[PSL-Brasil] parlamento em busca do cale-se sagrado (lei dos cibercrimes)

Pedro A.D.Rezende prezende en unb.br
Sab Jul 26 19:08:07 UTC 2008


Alexandre Oliva escreveu:
> ] Pai, afasta de mim este cálice
...
> 
> * o texto não fala absolutamente nada sobre vincular a informação do
> IP e do instante de conexão a um cliente específico do provedor.  Acho
> que é por isso que os senadores são tão insistentes em dizer que isso
> não vai invadir a privacidade de ninguém.  Se os provedores seguirem à
> risca o que diz o projeto de lei, a informação não vai servir para
> absolutamente nada.  Qual a utilidade de saber que *alguém* (sujeito
> indeterminado) recebeu o IP 123.45.67.89 às 12:34 (UTC) do dia
> 11/11/11?  Até parece que quem escreveu o projeto não tinha a menor
> idéia do que estava fazendo...


Nem tudo que parece, é.

Quem escreveu o projeto pode ter buscado adequar a ambivalência dos 
dispositivos a um grau que fosse, por um lado, politicamente aceitável 
para aprovação e, por outro, largo o suficiente para abrigar, 
simultaneamente, interpretações segundo os interesses comunicáveis e 
efeitos colaterais segundo os interesses motivadores da proposta.
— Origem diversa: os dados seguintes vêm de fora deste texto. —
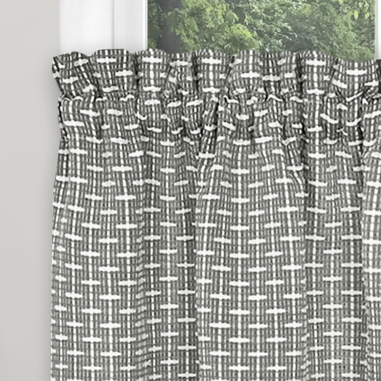 ACHIM Bedford Front Tab Window Curtain Tier Pair Set - 58 Inch Width, 24 Inch Length, 2-inch Rod Pocket - Grey - Light Filtering Fabric with Yarn Dyed Woven Accents & Machine Washable Home Décor—

Interesses estes que podem ser conflitantes, a julgar pela largueza 
desta ambivalência, da qual os defensores da proposta não abriram mão ao 
longo da tramitação até aqui. É assim que funciona o processo 
legislativo em democracias representativas. E de forma desbragada sob o 
fundamentalismo de mercado, onde "menos Estado" é a palavra de ordem 
quando este atrapalha a concentrar capital, e mais quando ajuda.

Em relação à privacidade, muitos não estão vendo onde está o pulo do 
gato. O tipo de controle de proteção para os dados que o inciso I do 
art. 22 demanda sejam armazenados pelos provedores por tres anos, de 
fato, não requer (como requeria em versões anteriores) que os usuários 
desses provedores usem "certificados digitais", ou outro método de 
"identificação positiva", para vincular tais dados a intenções imputáveis.

Porém, o tipo de controle de proteção sobre esses dados que o par. 1 
deste inciso indiretamente demanda (a ser definido por regulamento), é 
de mesma natureza que as soluções integradas de segurança para controle 
de acesso aos bancos de dados de contas corrente de instituições 
financeiras demandam.

Basta que o regulamento "a ser definido" (citado no par. 1) contenha 
exigências seletivas, vinculantes, à guisa de "critérios técnicos" para 
sua efícacia, consoante novas analogias (agora relativas a eficácia). 
Regras de auditoria, por exemplo, são um campo fértil para a camuflagem 
de tais exigências.

Creio que a partir da aprovação da lei, os interesses motivadores por 
trás dela mudarão o filtro do discurso na grande mídia, para que a 
discussão pública se dê sobre a eficácia técnica do tal regulamento, e 
não mais sobre a eficácia jurídica da lei consoante ao interesse 
comunicável para sua aprovação. Assim se deu com patentes de software.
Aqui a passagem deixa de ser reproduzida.